El pundonor de Junín Bajo

Gente corajuda la del barrio Junín Bajo, que ante las adversidades contra las que viene luchando hace años, no se rinde y con sus propias manos ha ido realizando obras de infraestructura para mejorar la calidad de vida de los vecinos. Y esta es  la historia del pundonor y el coraje pero sobre todo es la historia del abandono estatal. Recordemos que este barrio está ubicado en una zona inestable, con pendiente, junto al río Molino, unas condiciones que generan permanentes riesgos especialmente en temporada de lluvias. El pasado mes de octubre saltaron las alarmas por un probable movimiento de tierras que amenaza arrastrar unas viviendas ubicadas en una de las zonas más escarpadas del sector. 
Lo dramático de la situación es que ante esa amenaza no existe más solución que abandonar e irse a vivir a otro sitio, pero las familias que habitan estas casas no tienen a dónde ir. Que más quisieran ellas que tener otra opción.  Una de las ciudadanas afectadas lleva viviendo en este lugar más de 4 décadas, pero desde hace solo 8 meses hay un proceso continuo de desprendimiento de tierras. Hay varias personas, incluidos menores de edad en peligro inminente. Desde la Administración Municipal no hay ninguna respuesta ni ayuda. El consejo que les dan desde la Oficina de Gestión de Riesgo es casi insólito: “cuando escuchen que hay tempestad deben salir de la casa”. Pero la respuesta de una de las afectadas es igual de desesperanzadora: “¿y yo para dónde me voy a ir?”.    

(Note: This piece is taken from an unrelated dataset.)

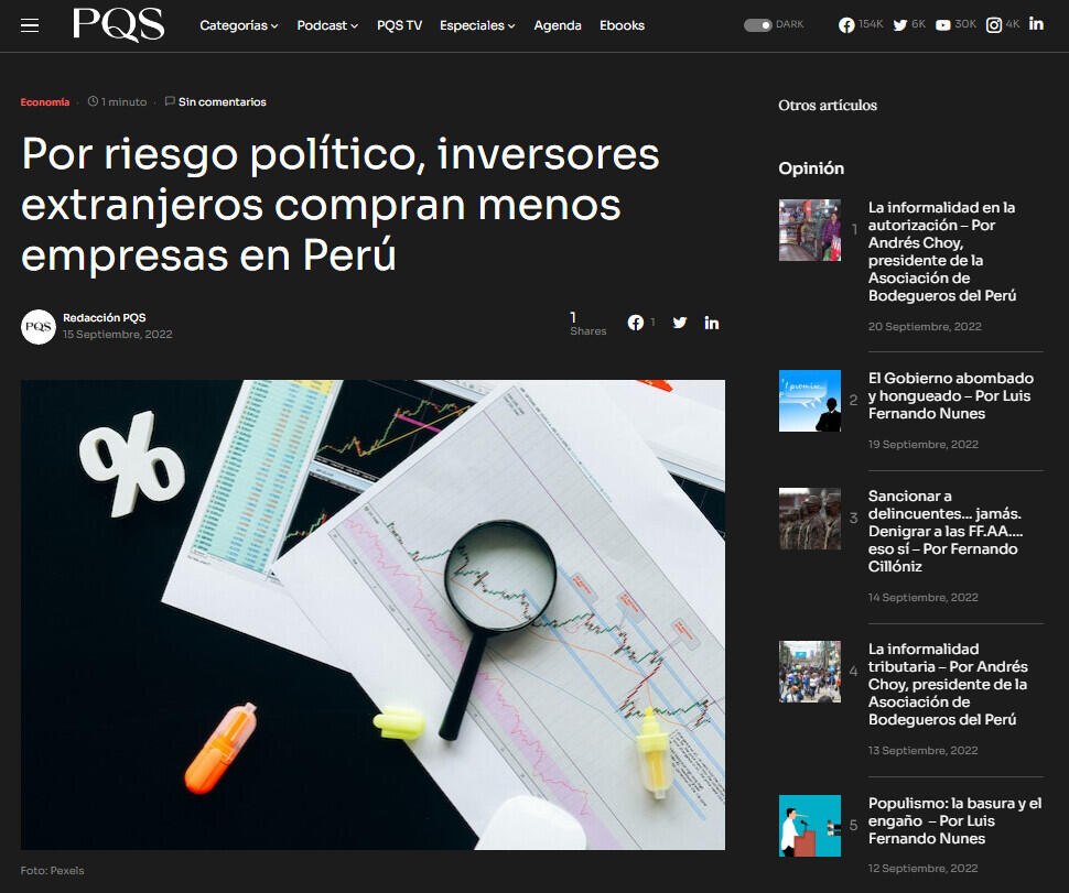 “Esto eleva el riesgo país de Perú y reduce la valoración de sus empresas, por eso se registra una menor cantidad de este tipo de operaciones, debido a la mayor cautela de los inversionistas”, subrayó.

Pero como decíamos al principio los vecinos trabajan para arreglar espacios de integración comunitaria. Recolectaron recursos para la adecuación de la caseta comunal. Realizan grandes esfuerzos por medio de mingas y otras actividades, sin embargo no es suficiente, los recursos son escasos. Han construido escaleras, muros de contención para minimizar el riesgo de derrumbe, andenes y han acondicionado un espacio deportivo.
Ahora le hacen un llamado al acalde de Popayán para que los visite y vea con sus propios ojos lo que han hecho, esperando que de esa manera los pueda ayudar, al fin. Esperan que les de otras opciones distintas a las lapidarias recomendaciones de la Oficina de Gestión del Riesgo, que lo único que les dice es que deben trasladarse cuando sientan que se les puede venir el peñasco encima. A estas comunidades empoderadas y unidas se les debe dar un empujón por parte del Estado, aunque sea con materiales de construcción para que ellos mismos sigan edificando sus proyectos de vida.  
Requieren un sitio de reunión con todas las condiciones necesarias y un espacio de recreación para que los niños y jóvenes puedan canalizar sus energías vitales y no se sientan tentados al abismo de las drogas o el delito. Y eso es urgente.